Records excerpted from a collection
┌──
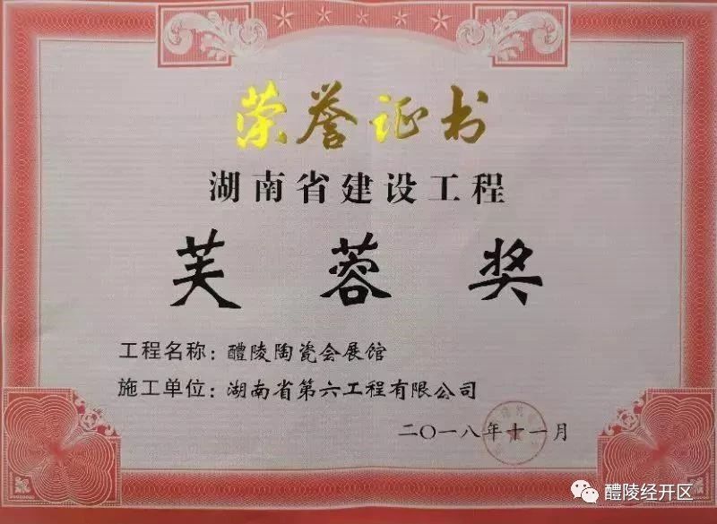 近日,从湖南省建筑业协会传来喜讯,由高新集团投资建设的中国陶瓷谷国际会展中心(原名醴陵陶瓷会展馆)项目工程喜获湖南省建设工程“芙蓉奖”——湖南省建筑行业工程质量最高奖。
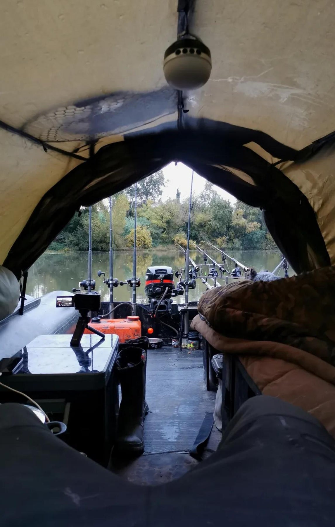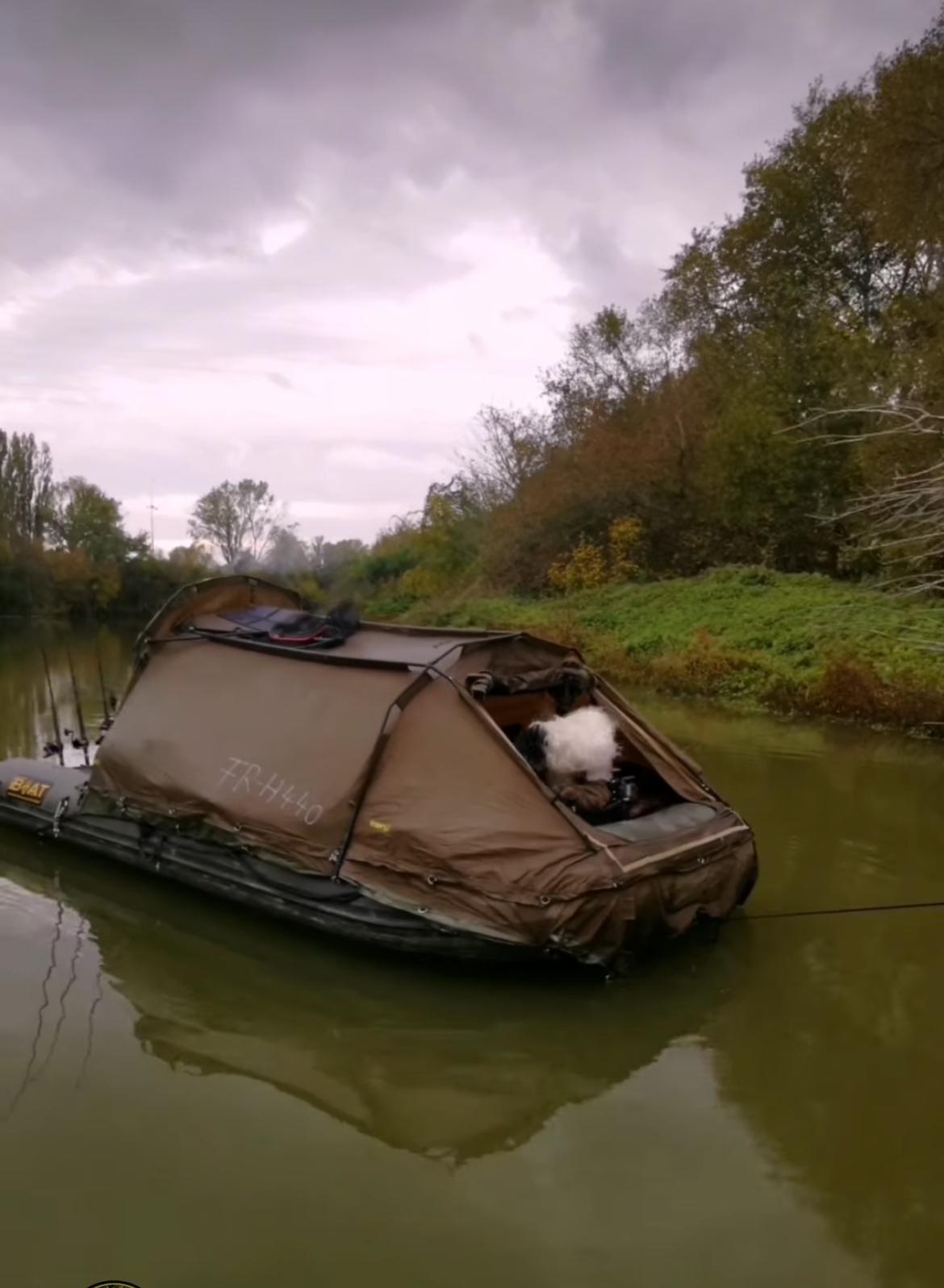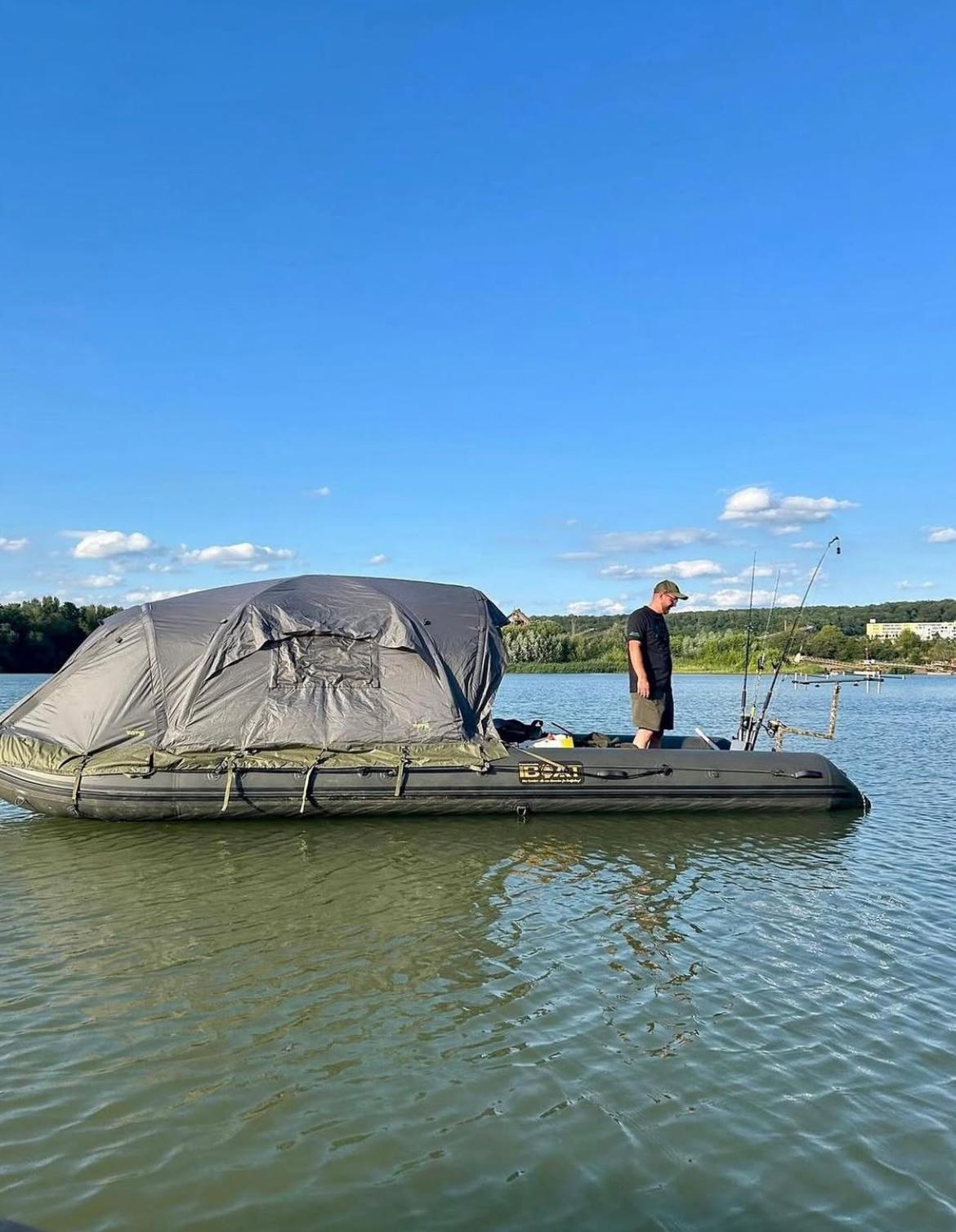 Das ist das iBoat 500 mit dem Black Cat Cave 2 Zelt von @vincent_wildling , welches sehr solide seit Jahren verwendet wird. Es ist nicht zu dunkel im Zelt, auch ohne Fenster nicht.
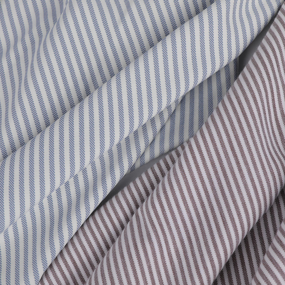 Ullmjuka och hudvänliga randiga skjorta tyg antar precisionsvävteknik och innehåller en randig mönsterdesign som är både klassisk och fashionabla. Det randiga mönstret visar en lågmäld och avancerad visuell skönhet genom subtila färgförändringar, som inte bara ger en känsla av visuell skiktning utan också förbättrar skjortans stil och smak. Den randiga designen har en visuell stretcheffekt, som hjälper till att forma en smal och upprätt figur. När det gäller komfort har detta tyg genomgått flera mjukningsprocesser för att effektivt ta bort klåda av ull och behålla sina varma och lätta egenskaper. Det speciellt behandlade ulltyget kan ge en bekväm och naturlig bärupplevelse när det kommer i direktkontakt med huden, vilket är lämpligt för människor med känslig hud och de som bedriver en högkvalitativ bärupplevelse.
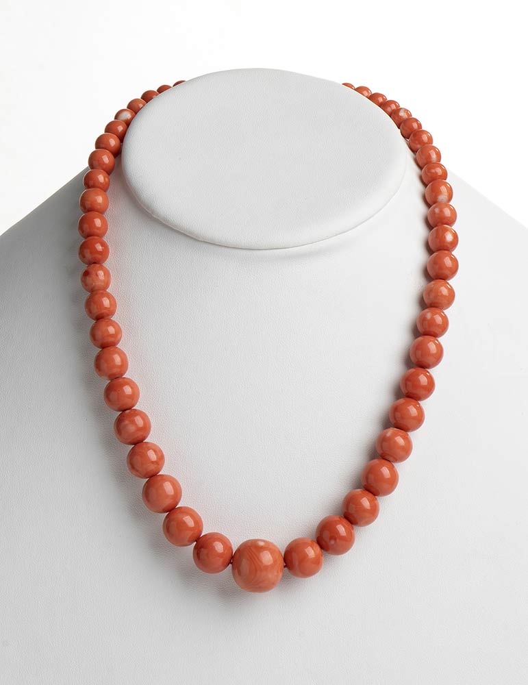 Collana in corallo Momo o Cerasuolo (Corallium Elatius) composta da 53 sfere lisce disposte in gradazione. Senza fermezza. Manifattura Guarracino, Torre del Greco. Lunghezza 50 cm, diametri sfere 8 - 12 - 18 mm. Peso totale 83 gr. Stato di conservazione: *****ottimo.
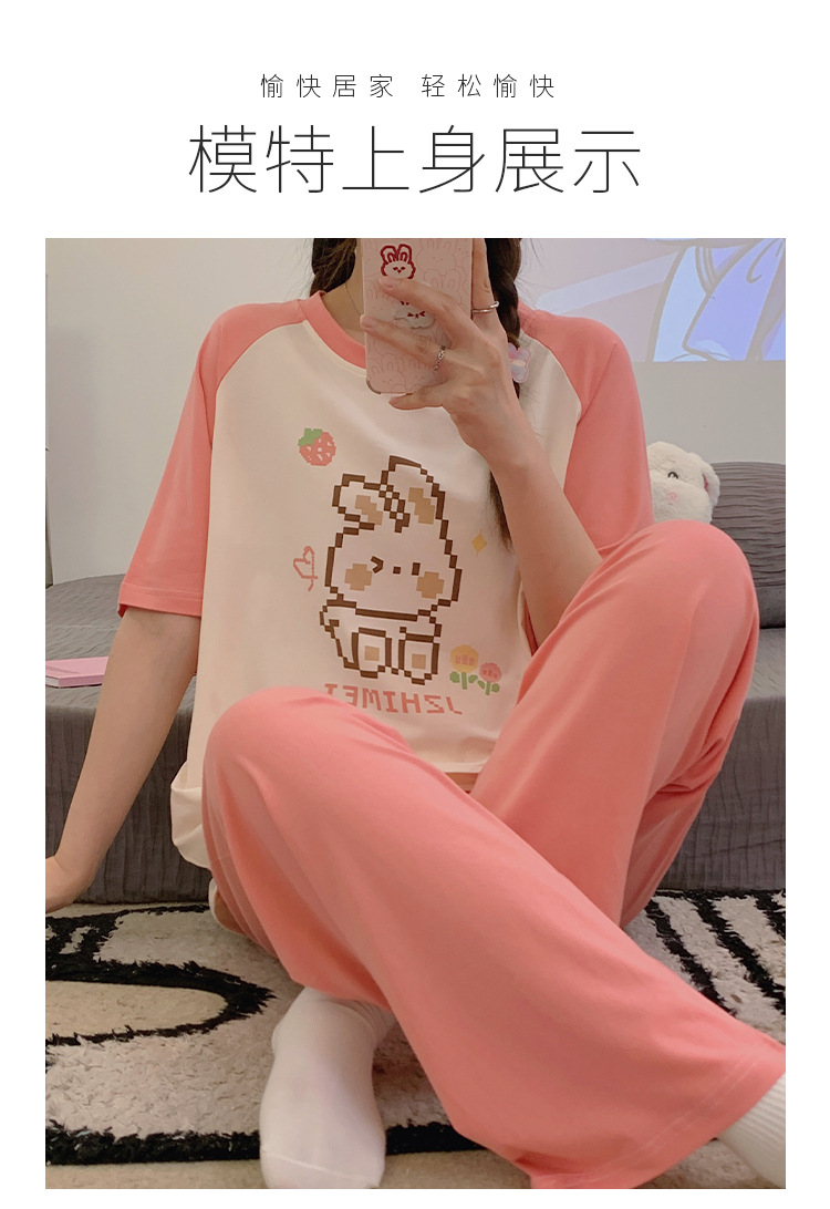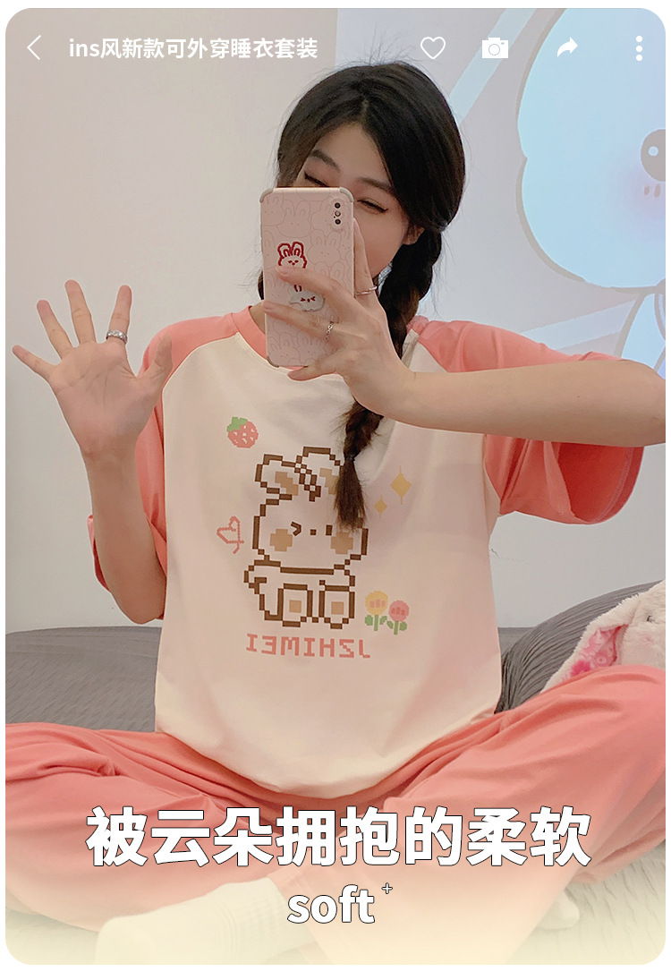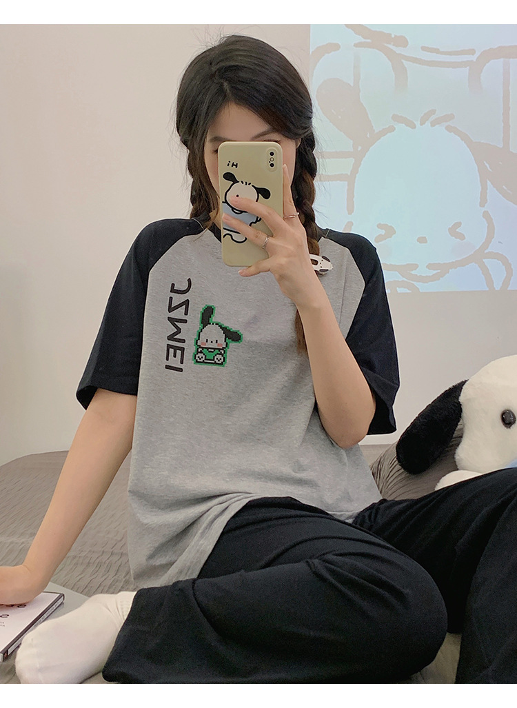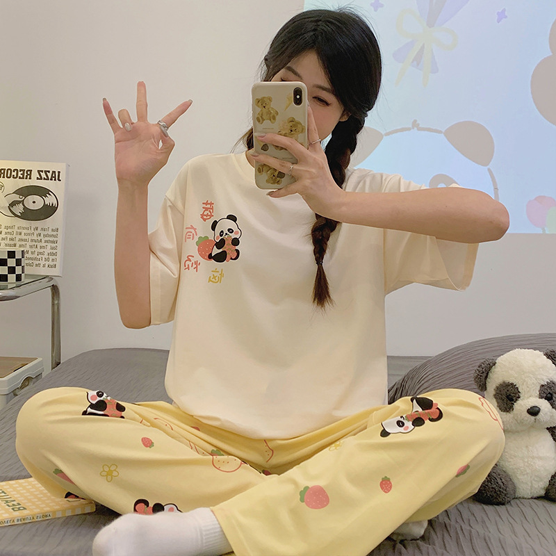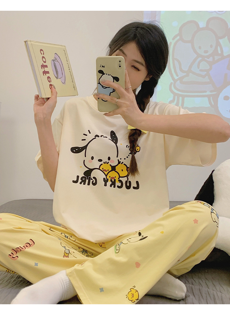 2024 새 잠옷 여성 여름 반팔 바지 만화 소녀 중학생 18 세 고등학생 가정복 세트스토어 가기
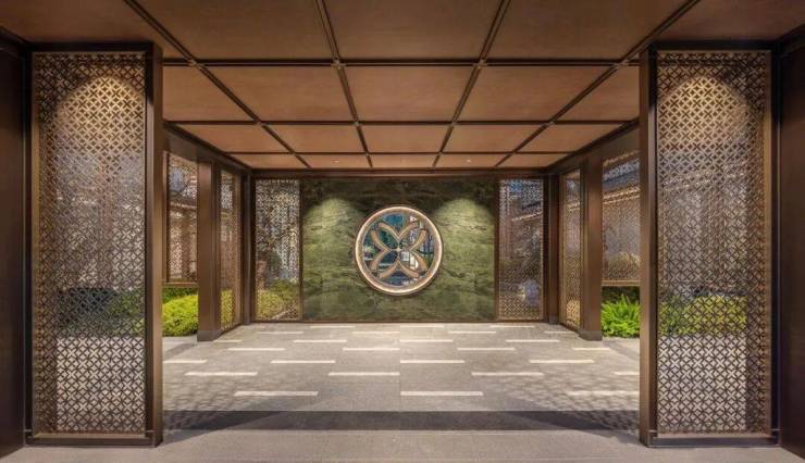 采用“王府中式”设计,大门为歇山顶形制(宽53米、高近11米),配黄铜狮、罗汉松及蓝翡翠奢石。园林融入西湖十景元素,如“花港观鱼”水景、“柳浪闻莺”绿植,并设雾森系统首层单元门厅石材铺就,肌理沉稳。
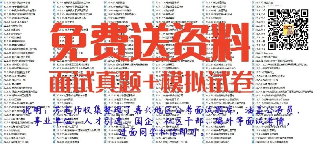 近期有些同学私信反映苏老师提供的面试资料有押中题,有些新考公同学可能不了情况误以为是“提前了解面试题目”,情况给新同学解释下:一是公考面试出题会紧扣当前的时政和社会热点,时政热点如总书记的讲话,社会现象如“出生率下降”“特种兵旅游”“互换式旅游”等等,苏老师平时会做很多热点的研发解析;二是嘉兴地区部分单位面试出题会出现一些别的地方已经考过的高度类似的面试题目,比如某道题目几个月前A县国企面试考过,后面B县国企或者编外面试又用这个类似的题目,苏老师平时会向很多考生交流面试情况,收集了解了本地面试题目库。综合上述两点情况,所以会有偶尔押中题目的情况。面试学习和面试研发一样,需要平时多下功夫,久久为功、默默留意才能有收获。本周2个真题面试热点分享给大家。
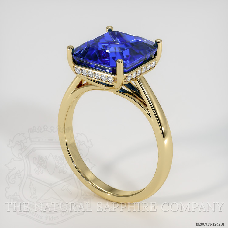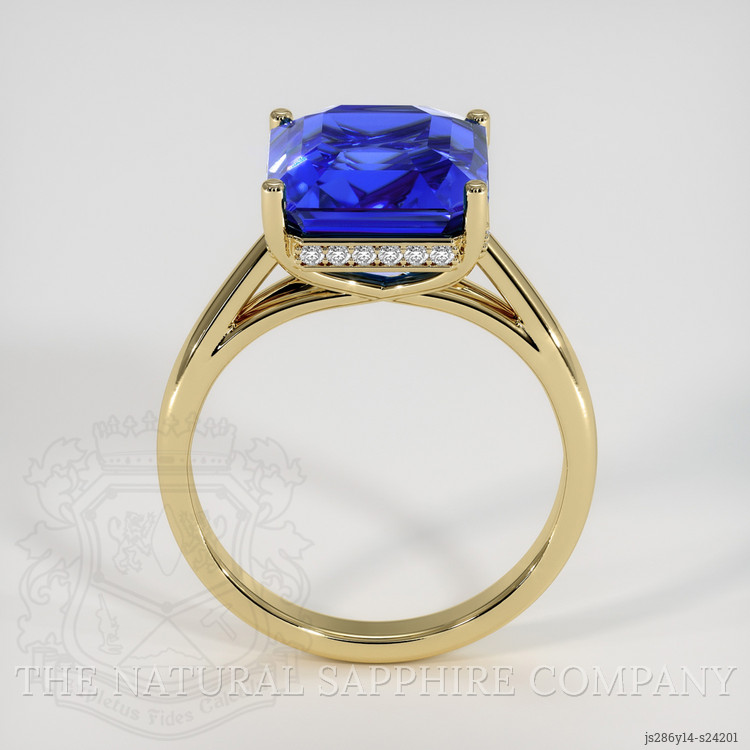 Accompanying the sapphire are white round natural diamonds, weighing approximately 0.105 carats. These diamonds, with a clarity of VS and a color grade of F/G, further enhance the ring, adding a subtle brilliance that elegantly complements the sapphire's majestic presence. Set in a luminous band of 18K yellow gold, the ring's design embraces a sophisticated simplicity that pays homage to traditional gem artistry. The Asscher cut, known for its heritage and grace, is perfectly suited to enhancing the gemstone's reflective properties, allowing it to shimmer under any lighting.
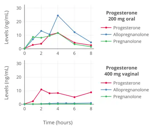 Progesterone is metabolized into allopregnanolone and pregnanolone, which are neurosteroids and potent potentiators of the GABAA receptor.[65][66] The conversion of progesterone into these metabolites is catalyzed by the enzymes 5α- and 5β-reductase and 3α-hydroxysteroid dehydrogenase, and occurs primarily in the liver, but also occurs in reproductive endocrine tissues, the skin, the brain, and other tissues.[67] Due to extensive first-pass metabolism with oral progesterone, about 80 to 90% or more of progesterone is rapidly transformed into these metabolites, and massive quantities of these neurosteroids are consequently formed and circulate throughout the body and brain.[68][69][70][71] It is for this reason that commonly reported side effects of oral progesterone include dizziness, drowsiness, sedation, somnolence, and fatigue.[65][66] Both oral and sufficiently high doses of intramuscular progesterone can produce these sedative effects.[72][73][74] However, compared to oral progesterone, the levels of these neurosteroids have been found to be very low with parenteral routes like vaginal and intramuscular progesterone.[64][75] As with the bioavailability of oral progesterone, there is high interindividual variability in the formation and levels of allopregnanolone and pregnanolone with oral progesterone.[17] As a result, some individuals may experience considerable central depressant effects with oral progesterone, whereas others may experience minimal such effects.[17]
└──
TASK DIRECTIONS.
The response should consist of the lines above from the first through the one containing "Das ist das", transcribed exactly, with every picture left out.

WRITTEN SOLUTION.
 近日,从湖南省建筑业协会传来喜讯,由高新集团投资建设的中国陶瓷谷国际会展中心(原名醴陵陶瓷会展馆)项目工程喜获湖南省建设工程“芙蓉奖”——湖南省建筑行业工程质量最高奖。
 Das ist das iBoat 500 mit dem Black Cat Cave 2 Zelt von @vincent_wildling , welches sehr solide seit Jahren verwendet wird. Es ist nicht zu dunkel im Zelt, auch ohne Fenster nicht.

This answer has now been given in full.